Gericht: Erst Mopedfahrer abgedrängt, dann Passant mit Skistock angegriffen

Vorarlberg / 21.06.2022 • 17:30 Uhr / 3 Minuten Lesezeit
Gericht: Erst Mopedfahrer abgedrängt, dann Passant mit Skistock angegriffen
Als die Situation eskalierte, griff der Autofahrer zu einem Skistock und fügte einem Widersacher eine Prellung des Handgelenks zu. Symbol/VN/hb

Warum man einem Ex-Häftling mit hoher Vorstrafenbelastung besser nicht den Vorrang nehmen sollte …

feldkirch Ein 63-jähriger Unterländer, 16 Vorstrafen im Register, arbeitslos, bereits lange Haftstrafen verbüßt und mit einem niedrigen Frustrationslevel versehen. Dann noch zwei jugendliche Mopedfahrer, die ihm vor der Nase die Straße kreuzten und ihm dreist den Vorrang nahmen, als er mit dem Auto im Unterland unterwegs war. Da kam blanke Wut auf.

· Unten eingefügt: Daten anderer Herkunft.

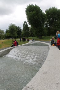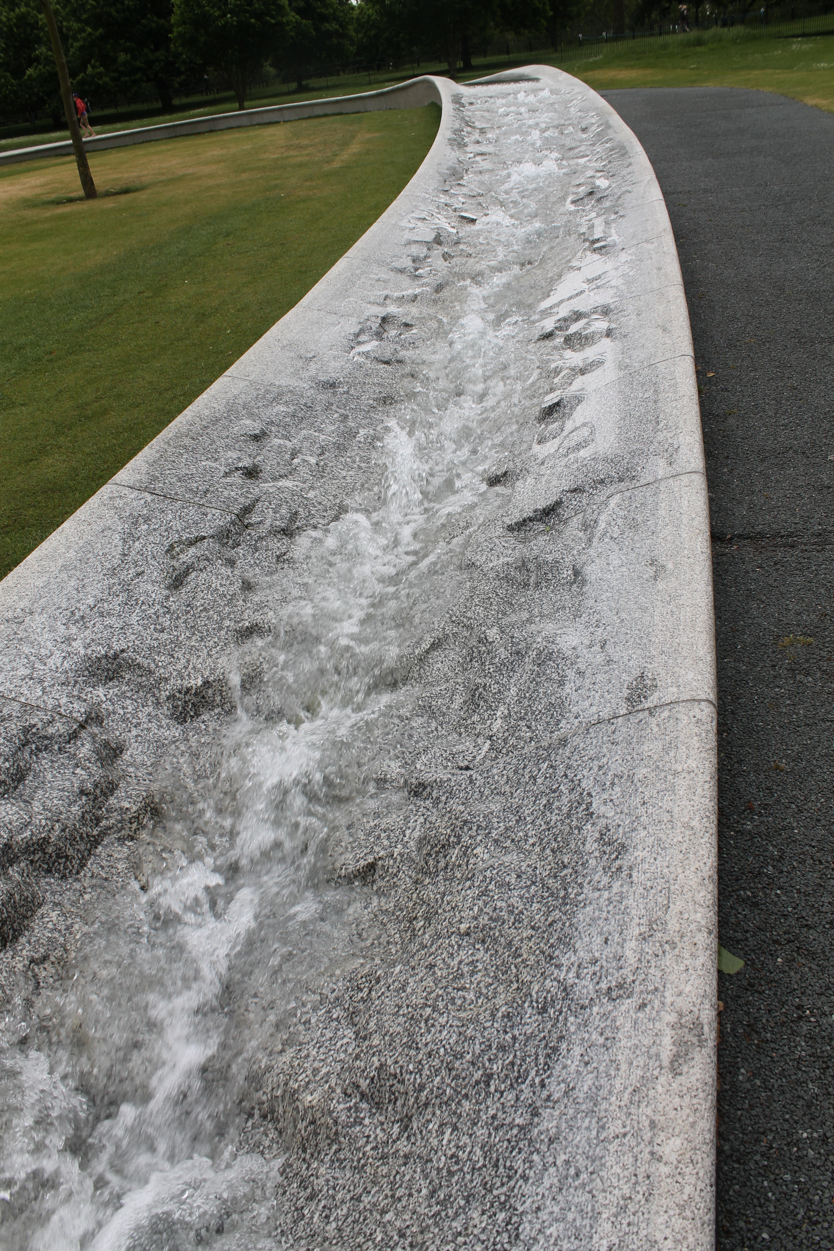 On my park meandering, I happened on the Diana, Princess of Wales, Memorial Fountain. Well, it’s a big loop of cement through which water flows — at times smoothly and calmly, at times bubbly and a little violently. I tried not to read too much into that as a metaphor for her life. Families and children definitely love it, as they jumped through the water or dangled their feet into it despite the cool and blustery weather.
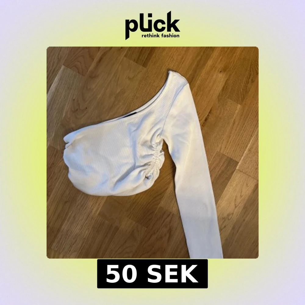 Snygg vit oneshoulder topp med lång ärm från Zara. Använd 2-3 ggr, storlek S men passar XS
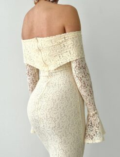 فستان أبيض بكتف مكشوف وتصميم ضيّق يُبرز القوام، مصنوع من دانتيل فاخر بأكمام طويلة متّسعة تضيف لمسة درامية أنثوية. مثالي للسهرات والمناسبات الخاصة بإطلالة جريئة وأنيقة.
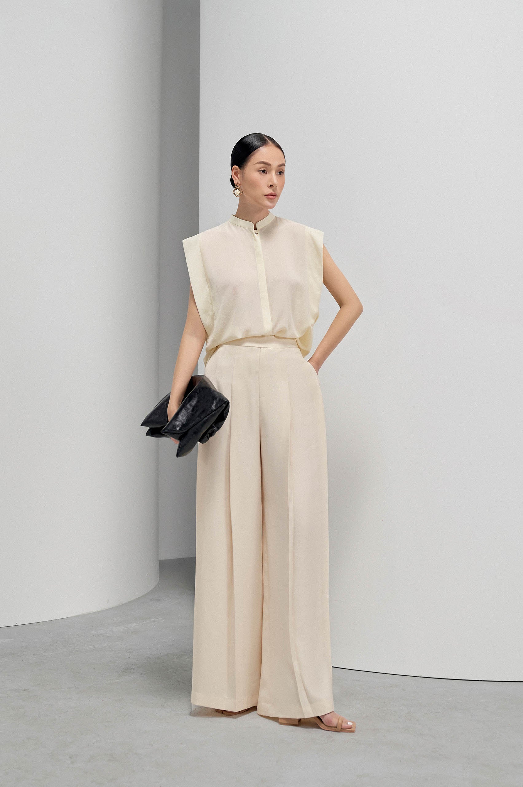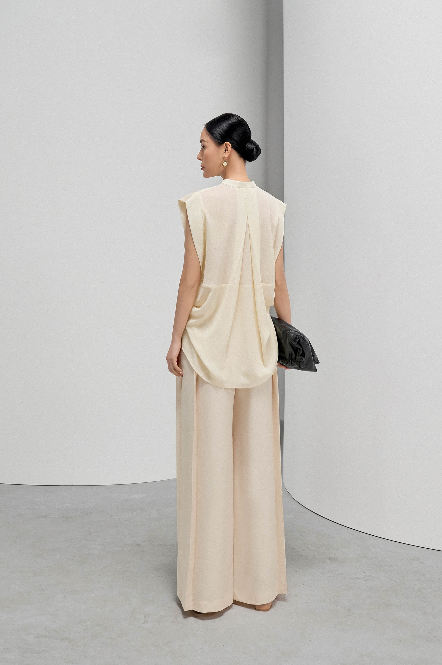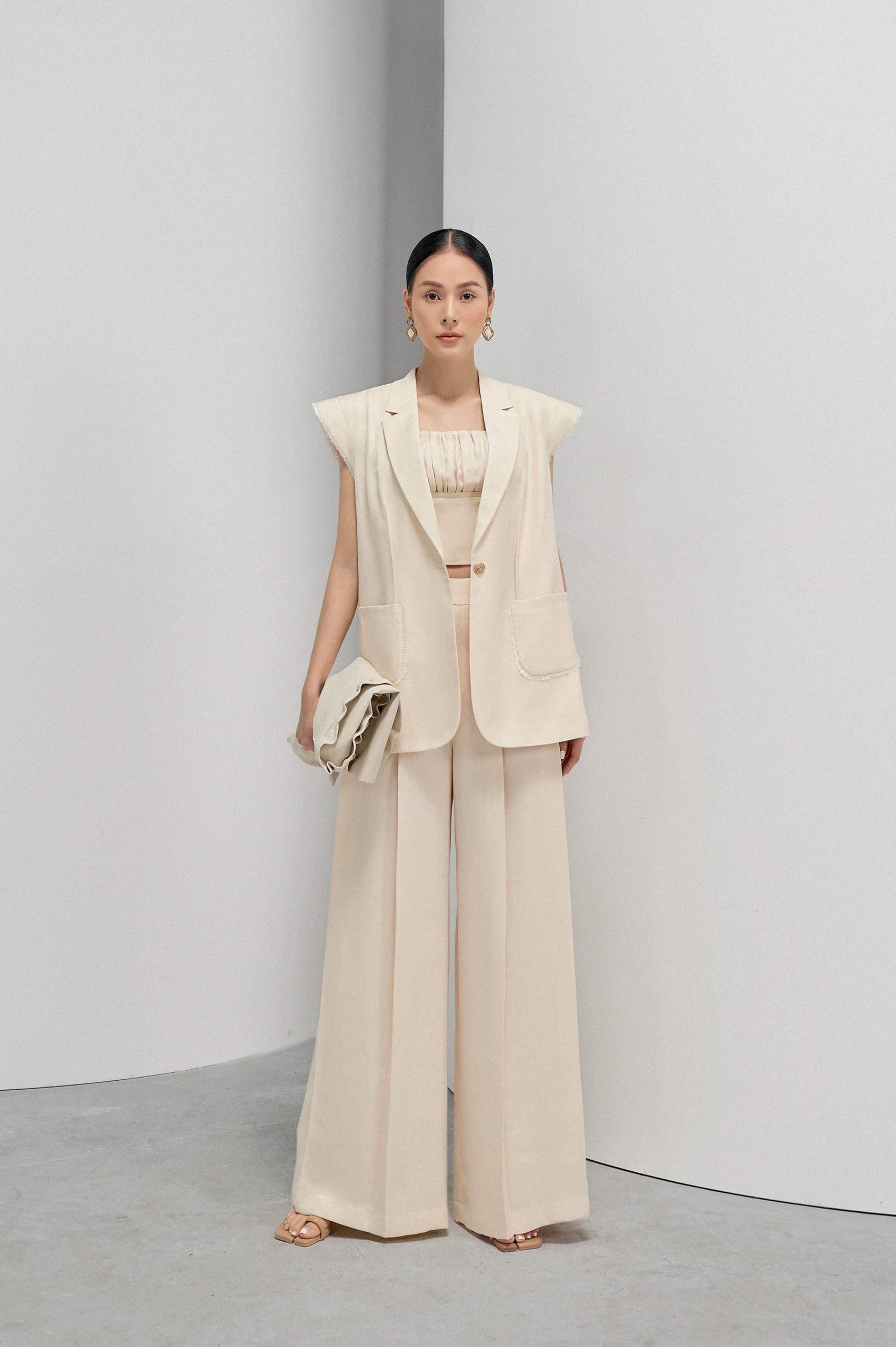Pants are a style that is no longer strange to modern ladies. With the traditional cream color and the simple design of the big soup cup front and back, it is easy for the wearer to coordinate and help enhance the 3rd round and "hack" long legs effectively.
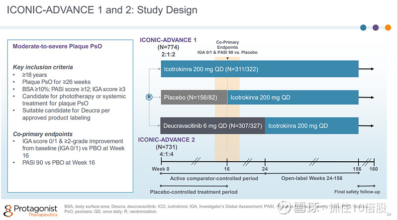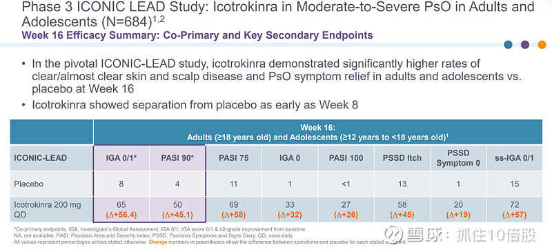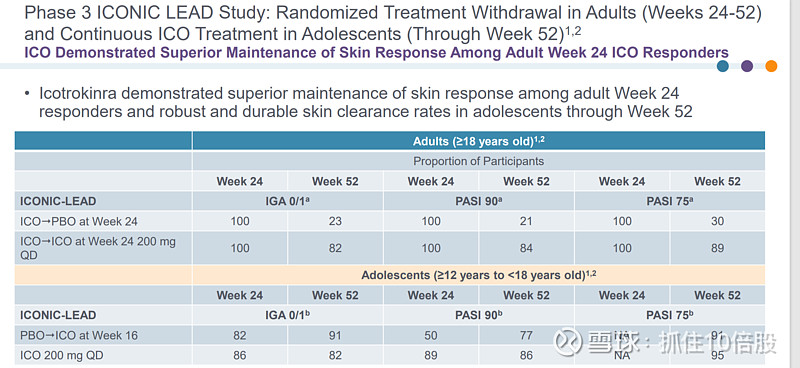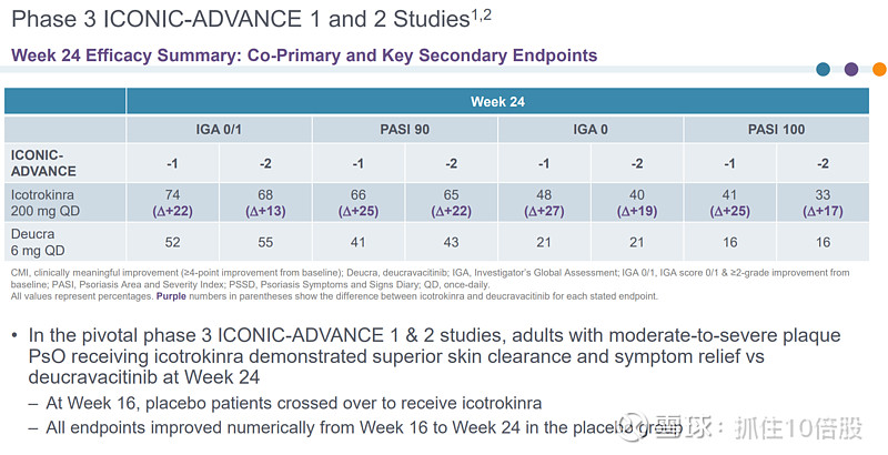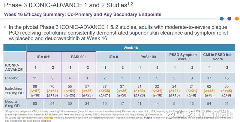 在第 16 周和第 24 周时,Icotrokinra与氘代来可昔替尼相比,在达到 PASI 75、90、100、IGA 0/1 和 IGA 0 以及通过 PSSD 0 评估无症状方面的表现均更优。
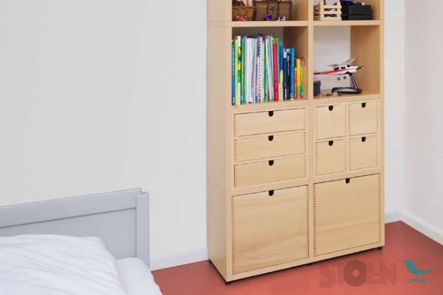 Het kastensysteem 355 is samengesteld uit slechts twee verschillende lengtes van planken: een korte (S) en een lange (L). Dit ingenieus eenvoudige principe inspireert onze klanten, zodat we dezelfde award-winnende ontwerp in zes verschillende ontwerpen maken.
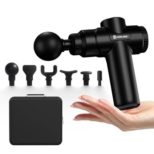 The Aerlang massage gun delivers deep tissue relief to speed up recovery. With 10 adjustable speeds, eight massage heads, a quiet brushless motor, and USB Type-C charging, it’s a compact handheld solution for home, gym, or office use.
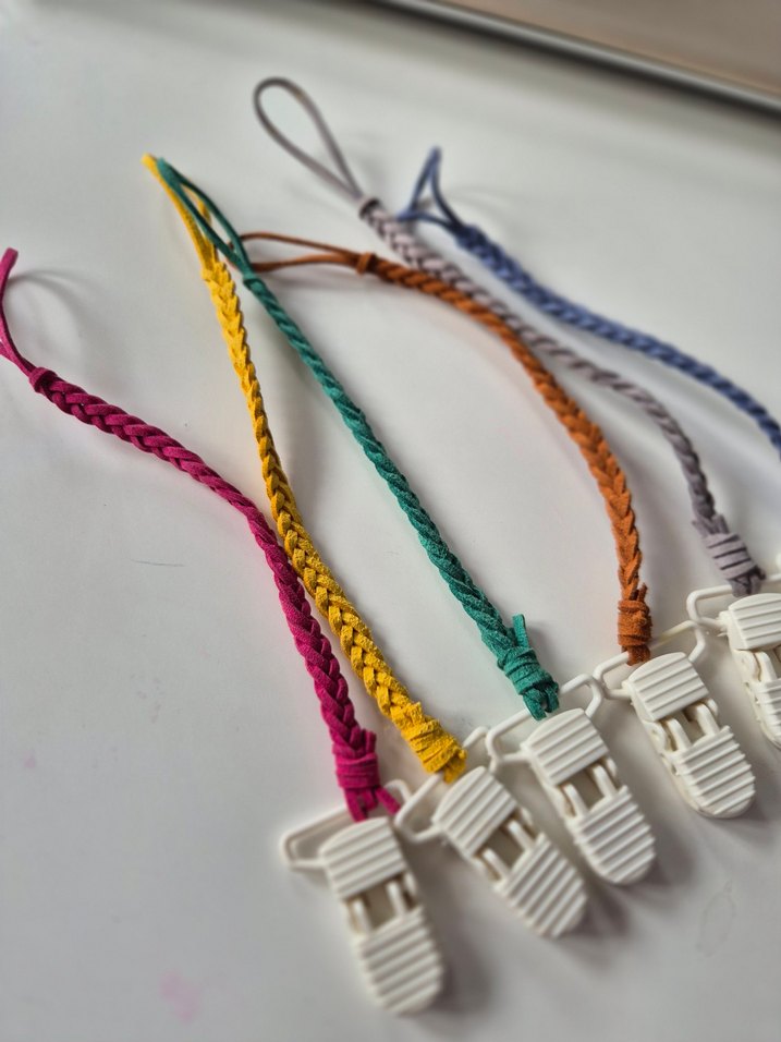 Renkli bağlamalı, uzun ve vücuda oturan örgü iplerden oluşan emzirme aksesuarları, beyaz klipslerle güvenli tutuş sağlar.
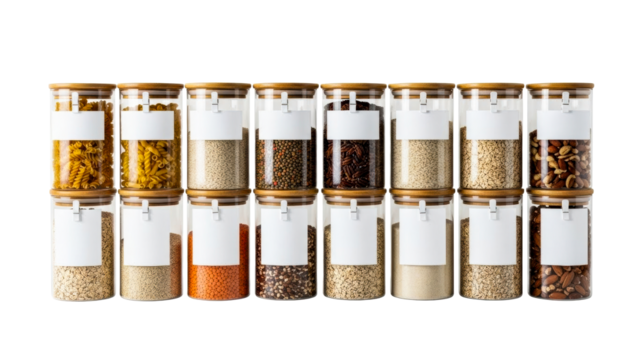 Four transparent spice jars with cork lids filled with various dried spices in a row isolated on white or transparent png.
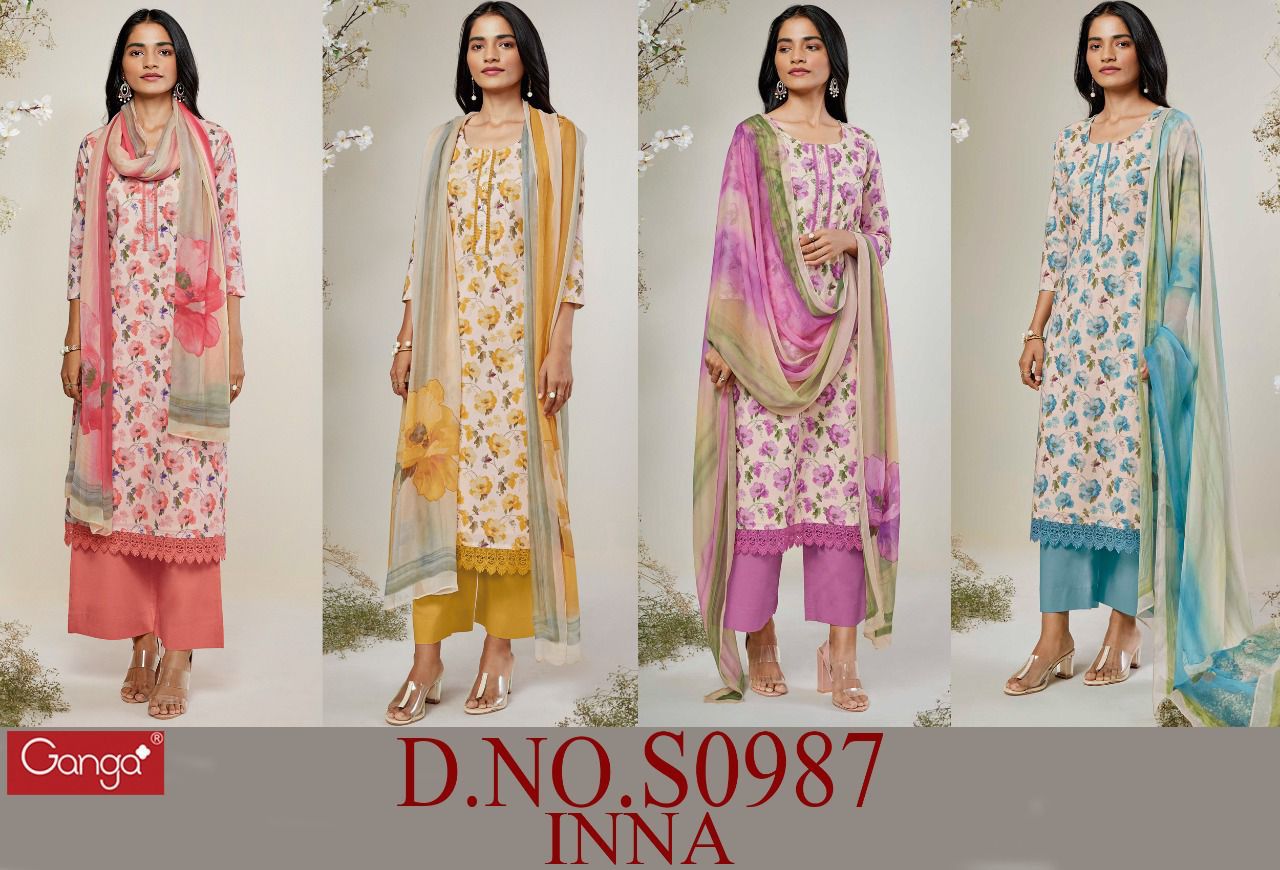 Buy Online Inna 987 By Ganga Cotton Suit Manufacturer Traders And Dealer From India 4 Pcs of Full Catalogue at Wholesale Price. Looking for Inna 987 By Ganga Cotton Suit Manufacturer Traders And Dealer From India Full Catalouge at Best Price? Buy Now Inna 987 By Ganga Cotton Suit Manufacturer Traders And Dealer From India at Wholesale Rate of Rs 0 with Total 4 Pcs from authroized dealer and supplier of GANGA Brand. Cost of Each piece is just only Rs 0 which is very low and affordable price to resale the product in your retail store ,This is Surat based Wholesale Supplier & Dealer of GANGA Brand. Click on Brand name to Know more about GANGA Brand's products.Call or Whatsapp on 9898838984 for booking or enquiry

Er drückte aufs Gas. Fuhr dann einem der Mopedlenker knapp auf, einen anderen drängte er zum Randstreifen hin ab, sodass der 17-jährige beinahe stürzte. Auf einem Parkplatz kam es dann zur „Aussprache“. Mit dem Resultat, dass der 63-jährige einen der Jugendliche am Helm packte und vom Vehikel reißen wollte. Zwei junge männliche Passanten kamen zu Hilfe. Einer von ihnen streckte den Wüterich zu Boden. Der stand auf, eilte zum Kofferraum seines Wagens, entnahm daraus einen Skistock, schwang ihn und ließ ihn auf die Hand eines der Männer schnellen. Dann war schon die Polizei da.

„Den Finger gezeigt“

Am Landesgericht Feldkirch wegen Nötigung und Körperverletzung angeklagt, weist der Unterländer gegenüber Richter Richard Gschwendter jede Schuld von sich. „Nicht ich habe sie genötigt, sondern die mich!“, behauptet er. „Erst haben die Mopedfahrer mir den Vorrang genommen, dann fuhren sie im Slalom vor mir her und zeigten mir auch noch den Finger“, entrüstet er sich.

Das mit dem Skistock sei Notwehr gewesen. „Die haben mich angegriffen. Und bei so viel Vorstrafen werde ich wohl nicht mehr zuschlagen“, wehrt er sich gegen die seiner Überzeugung nach haltlosen Unterstellungen.

„Wie durchgegangene Pferde“

Nun kommen die Jugendlichen als Zeugen zu Wort. Im Anschluss auch jener Mann, der beim Schlag mit dem Skistock eine Prellung am Handgelenk erlitten hatte. Ihre Aussagen zeichnen ein einhelliges Bild vom aggressiven Verhalten des 63-Jährigen, das der Richter mit „durchgegangenen Pferden“ assoziierte. Einer der Zeugen vom Eklat an der Tankstelle erscheint nicht, weshalb Gschwendter die Anklage der Körperverletzung ausscheidet. Verurteilt wird der Unterländer jedoch wegen Nötigung. Fünf Monate Haftstrafe auf Bewährung und 1000 Euro unbedingte Geldstrafe in 250 Tagessätzen zu vier Euro. Der Verurteilte nimmt Bedenkzeit.

„Heute sind Sie aber recht ruhig“, sagt der Richter noch zu dem Unterländer, worauf dieser erwidert: „Es bringt ja nichts, wenn ich mich aufrege.“

„Das ist allerdings richtig“, entgegnet der Richter.